Sunday, April 17, 2016

Charlie’s Angels 1:2 “The Mexican Connection”

Airdate: 9/29/76

The Angels get the skinny on a plane crash – an airline possibly hijacked by drug smugglers. Charlie’s client is the pilot, who thinks it was all part of a heroin smuggling ring. His buddy, Jim, becomes a liaison (and smoochie) for Sabrina, while the owner of the plane company, Frank Barton, might be the smuggling culprit as he is a rival of Mexican drug kingpin Escobar. Charlie notes that Baron’s daughter, Maria, loves swimming, so he sends Jill to get friendly on this count for more info there.  And bikini-clad Kelly goes undercover as a teacher to get the dirt on Barone at poolside champagne, which, as we all know, is the best way to get information from anyone.

Sabrina’s initial meeting with Jim confirms that Frank is in on the smuggling, but that due to a weird contract, the pilots/stewardesses (Dan, Laurie) are powerless to press charges or investigate.  But
Sabrina’s sixth sense alerts her that something’s “not right” about Jim – perhaps confirmed by his odd nonchalance to Bartone’s ire over Escobar’s admittance to the crash that started the whole thing. Jill goes even deeper; her friendship with Maria turns up distrust and resentment. Bartone later reveals further complicity: he refuses to shut down a heroin lab to make up for loss. (Sabrina and Jim Taylor go to the lab, which apparently is covered as a wine producer, and shuts them down.) 
Now, apparently, Escobar is upping the ante on the smuggling/crashing thing – the Angels think the crash was meant to feign incapacity on Bartone’s part, and to move in on them with Barone’s own druglords. (I think.) Jill gets caught in the wine cellar; she reveals herself to be Escobar’s agent, and sets up a meeting for both druglords to meet at a marina in L.A. Escobar turns out to be Bosley, and a shootout ensures that Bartone gets his just desserts. But who really is Escobar? Turns out to be Jim, the pilot, but don’t worry – the Angels git him with their handbags. Phew! 
Dude, some 70s pornstar wants his mustache back
Good Lord, you’re gonna have to take some fast friggin; notes during the Angels’ debriefing scene on this one. Take the most complicated Bond dossier and toss in a John LeCarre plot, and you have a general idea of what I had to go through to figure this one out. (My summary above is what I think happens, but I’m definitely not 100% sure.)  I actually had to see this one twice, to catch all the rapid-fire plot info, and I’m not entirely convinced all of it fit together, either. It makes me wonder – did 1976 audiences get it all, with no rewind capabilities, at 10:00 on a late summer midweek night? Doubtful – probably just eye candy in most households.

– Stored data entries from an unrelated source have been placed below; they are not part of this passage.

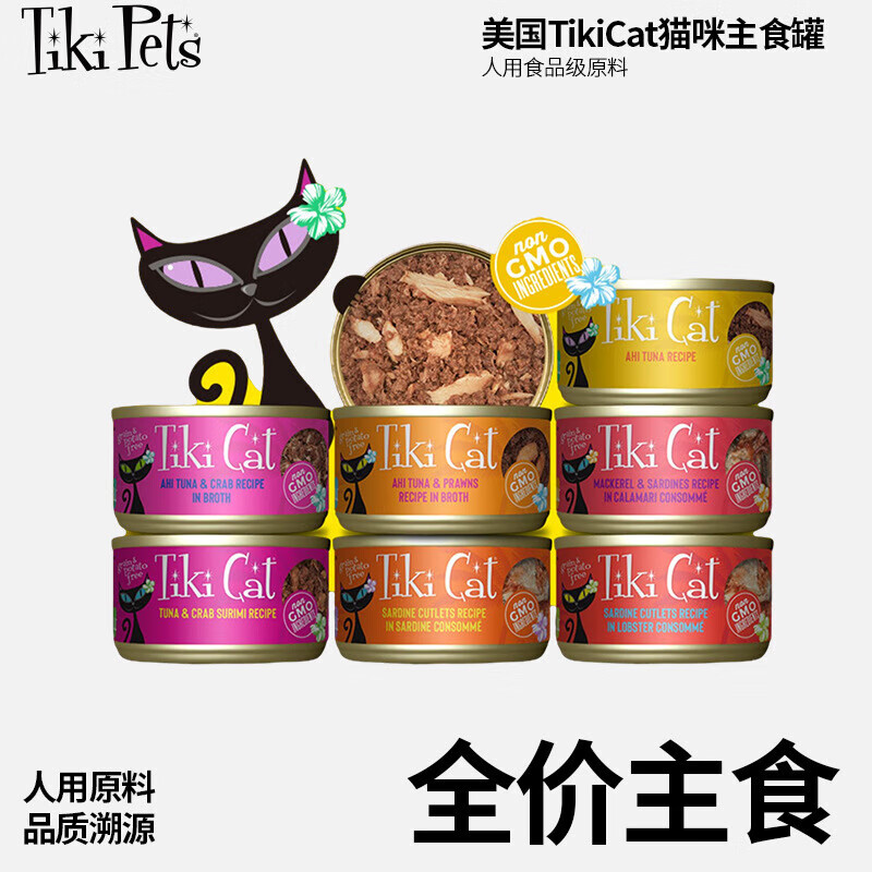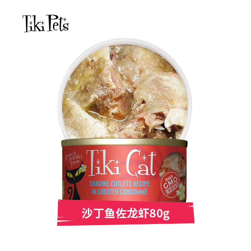 Tiki Cat主食猫罐156g肠胃调理宠物罐头进口全阶段鸡肉营养 【沙丁鱼肉排 龙虾】 80g
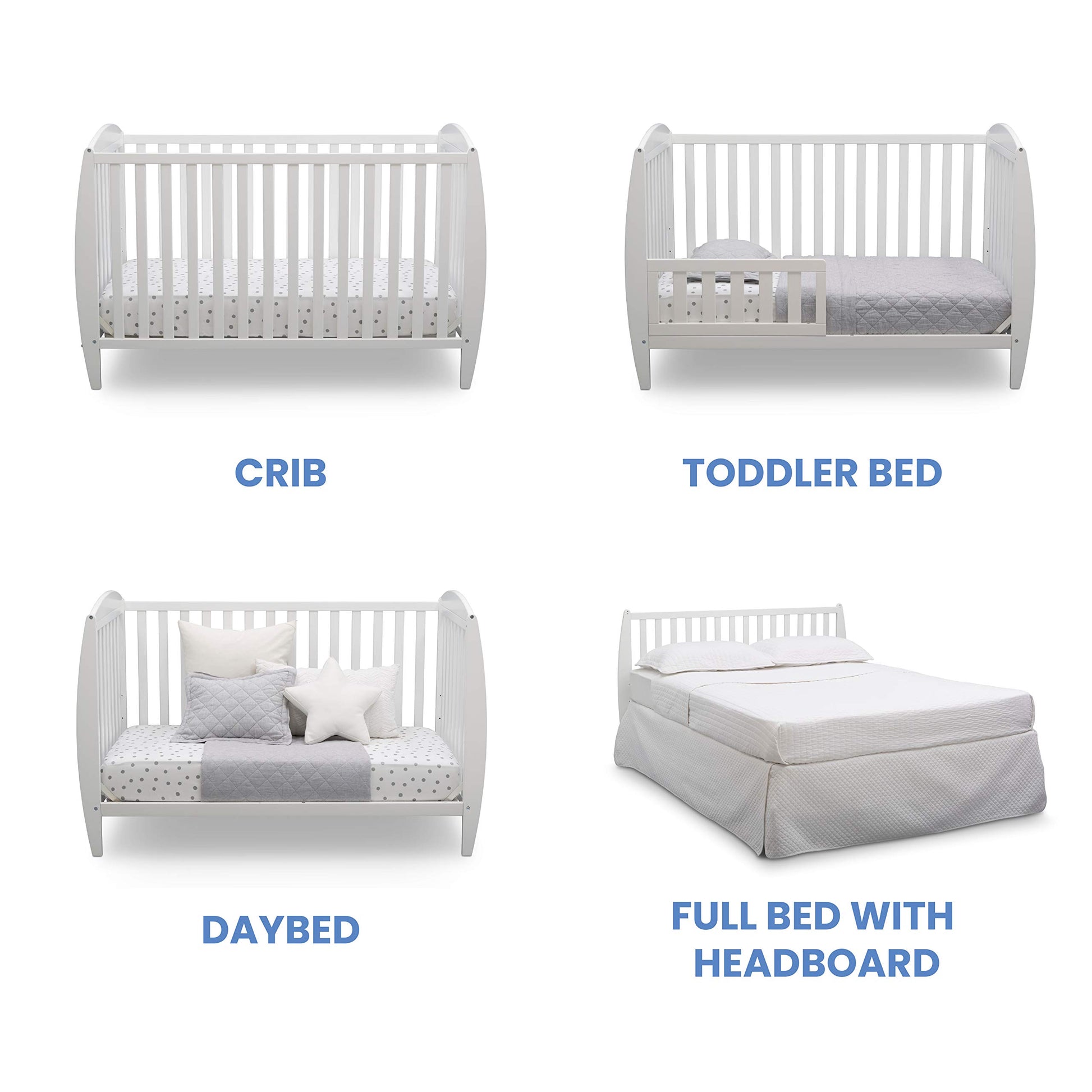 - CONVERTIBLE CRIB: Converts from a baby crib to a toddler bed, daybed and full size bed (Daybed/Toddler Guardrail Kit 555725 and Full Size Bed Frame 0040 sold separately); Available in Grey, Bianca White or Dark Chocolate
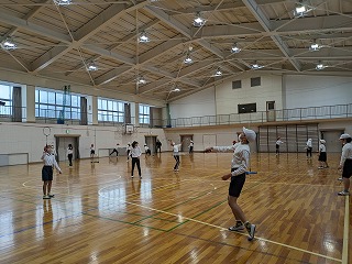 5年松組では、体育の時間にバドミントンを行っています。体育館全面を使って、高跳びの支柱や玉入れなどを利用してロープを張り、ネットとして代用し、全員がプレーできるようにしています。長く落とさずにラリーが続くよう練習しています。
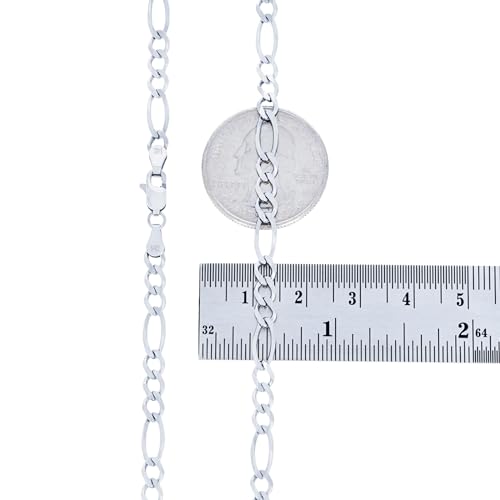 HOT ! Nuragold 14k Real White Gold Solid Figaro Link 4.5mm Chain Necklace (18"-30") Italian Jewelry for Men
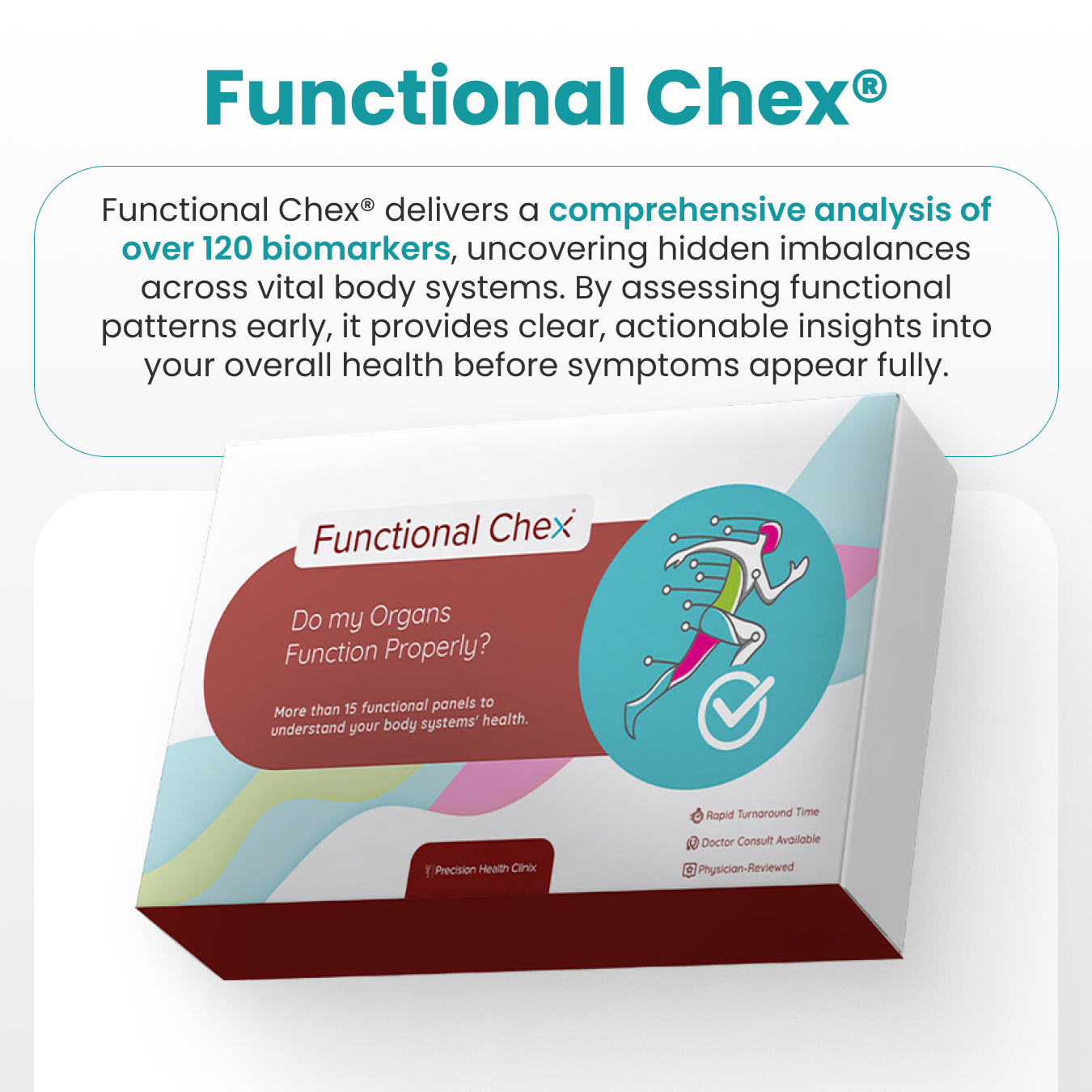 Functional Chex analyzes over 120 essential biomarkers related to metabolism, hormones, nutrient levels, inflammation, immunity, thyroid, cardiovascular, and more. It provides a comprehensive overview of how your body is functioning at a systemic level—so you can detect imbalances before they turn into long-term issues.
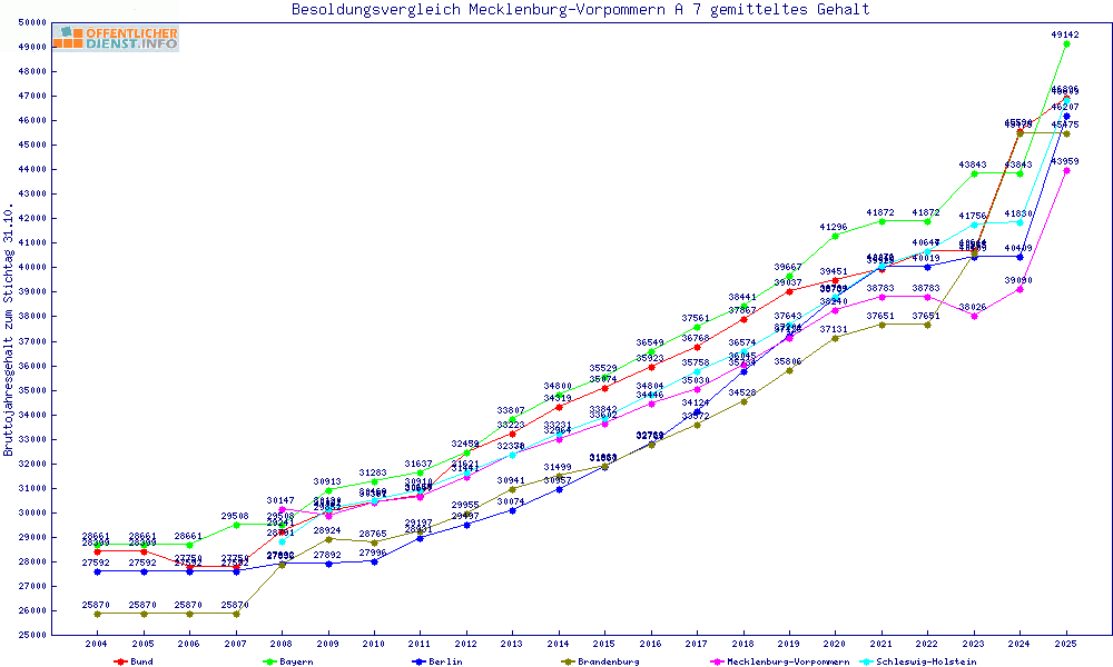 | Besoldungsvergleich A 7 im Jahr 2025 | gemitteltes Gehalt | ||||||
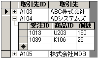 設問 4. <図3>はテーブルのデータシート ビューの一部である。図の展開したサブデータシートにおいて、「受注ID」フィールドの値が「1013」のレコードの「個数」フィールドの値を「100」に変更することができる。

But having said that, it’s better than the other extreme: stupid simple-minded fare, the likes of which are in no short supply on today’s TV/cable
/Internet landscape. And also, is it any great sin to put the viewer to work?  As crazily complex as this storyline is, it certainly didn’t bore me, owing to the usual assortment of teeth-gnashing villains and piquant supporting characters of dubious motive. And speaking of, ya gotta love that twist ending (I didn’t cal it), which plays up the “Whom can you trust?” theme in the great, grand Agatha Christie tradition. Too aggrandizing a comparison? C’mon, isn’t that what we’re looking at here: old time murder mysteries, replacing British mansions and teacups with L.A. streets and sun tan lotion?

Let’s start a new feature, a plot comprehension difficulty rating, only because I’m curious how the other episodes compare to this one in that regard. I’m calling this one a…
PCDR: 10 (easily)

I hope they get easier. Don’t have time for multiple viewings.